Matyáš Vojta

Personal information
- Date of birth: 26 February 2004 (age 22)
- Place of birth: Prague, Czech Republic
- Height: 1.87 m (6 ft 2 in)
- Position: Striker

Team information
- Current team: Sparta Prague
- Number: 29

Youth career
- –2019: Slavoj Vyšehrad
- 2019–2020: Slavia Prague
- 2020: Slavoj Vyšehrad

Senior career*
- Years: Team / Apps / (Gls)
- 2020–2022: Slavoj Vyšehrad / 22 / (2)
- 2022–2025: Mladá Boleslav / 44 / (17)
- 2022–2024: → Mladá Boleslav B / 37 / (16)
- 2024: → Varnsdorf (loan) / 13 / (7)
- 2026–: Sparta Prague / 10 / (0)

International career^{‡}
- 2022–2023: Czech Republic U19 / 4 / (0)
- 2024: Czech Republic U20 / 2 / (0)
- 2025–: Czech Republic U21 / 8 / (1)

= Matyáš Vojta =

Czech footballer (born 2004)

Matyáš Vojta (born 26 February 2004) is a Czech professional footballer who plays as a striker for Sparta Prague.

==Life==
Matyáš Vojta was born on 26 February 2004 in Prague.

==Club career==
Vojta was raised in Slavoj Vyšehrad, but he spent the 2019–20 season in Slavia Prague. He made his professional football debut at the age of 16, playing in the 2020–21 season of the Czech National Football League. In 2022, he transferred to the B-team of FK Mladá Boleslav.

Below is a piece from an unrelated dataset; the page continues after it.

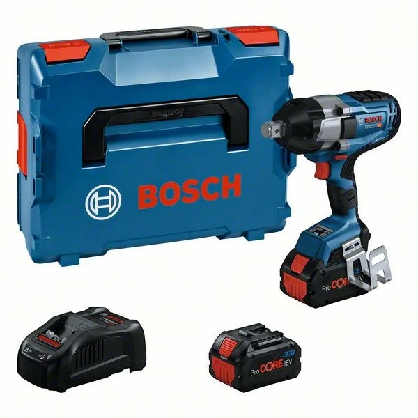 „Akku-Drehschlagschrauber GDS 18V-1050 HC, Für anspruchsvolle Anwendungen, die volle Leistung erfordern: Der Drehschlagschrauber GDS 18V-1050 HC Professional mit BITURBO Brushless-Technologie liefert höchste Leistung und eine Betriebsarteinstellung. Die integrierte BITURBO Brushless-Technologie ist voll optimiert für ProCORE18V-Akkus und bietet ein starkes Anziehmoment von 1.050 Nm und Losbrechmoment von 1.700 Nm. Hohe Vielseitigkeit durch zwei Standardbetriebsarten am User Interface: Metallmodus (A) und Holzmodus (B), zum Verhindern von gebrochenen Schraubenköpfen und den Verlust von Metallschrauben oder -muttern, indem der Drehschlagschrauber verlangsamt oder ausgeschaltet wird. Alle Betriebsarten lassen sich schnell über die Bosch Toolbox App individuell einstellen. Drei verschiedene Geschwindigkeits-/Drehmomentstufen sorgen für höhere Flexibilität und Kontrolle. Der GDS 18V-1050 HC Professional ist der Drehschlagschrauber mit voller Leistung zum Anziehen und Lösen von Metallschrauben und -muttern bis M 24 bei verschiedensten Arbeiten wie Stahlbaukonstruktionen, Rohrmontage, Fahrzeuginstandhaltung oder Verwendung von Schrauben/Ankerbolzen in Holzkonstruktionen. Er ist kompatibel mit allen Bosch Professional 18V-Akkus und -Ladegeräten (Professional 18V System); für maximale Leistung ProCORE18V ≥ 5,5 Ah verwenden. Der GDS 18V-1050 HC Professional verfügt über Electronic Cell Protection (ECP), Electronic Motor Protection (EMP), Werkzeugstatusanzeige mit LED-Licht, Aufbewahrungsclip und 3/4″“-Werkzeugaufnahme mit Sprengring und Sicherungsbohrung. 1 x Bluetooth Low Energy Modul GCY 42 Professional (1 600 A01 6NH); 2 x Akku ProCORE18V 8.0Ah (1 600 A01 6GK); Schnellladegerät GAL 1880 CV (1 600 A00 B8G); 1/1 L-BOXX-Einlage für Gerät und Ladegerät (1 600 A02 58Y); L-BOXX 136 (1 600 A01 2G0)“

He made his Czech First League debut for Mladá Boleslav on 2 September 2023, in their 2–0 away loss against Baník Ostrava, but it was his only match for the A-team in the season. In the 2024–25 season, he played regularly for Mladá Boleslav. He scored his first goal in the preliminary round of the conference league against TransINVEST on 1 August 2024. In the Czech First League, he scored ten goals in 26 matches and became runner-up in the Discovery of the Season award. He then scored seven goals in the first half of the 2025–26 season and became runner-up in the Talent of the Year award of the 2025 Czech Footballer of the Year poll.

On 5 January 2026, Vojta signed a contract with Sparta Prague. Sparta Prague paid to Mladá Boleslav €4 million (+ potentially €0.75 million in bonuses) for him, which at the time of the transfer was the highest amount for a transfer within the Czech First League.

==International career==
Vojta played for the Czech Republic U19 national team in the 2022–23 season. In March 2025, he debuted for the Czech Republic U21 national team.

==Style of play==
According to critics, at the age of 21, Vojta is a good shooter, can cover the ball and plays well in the middle of the pitch, but he lacks speed and strength in aerial duels.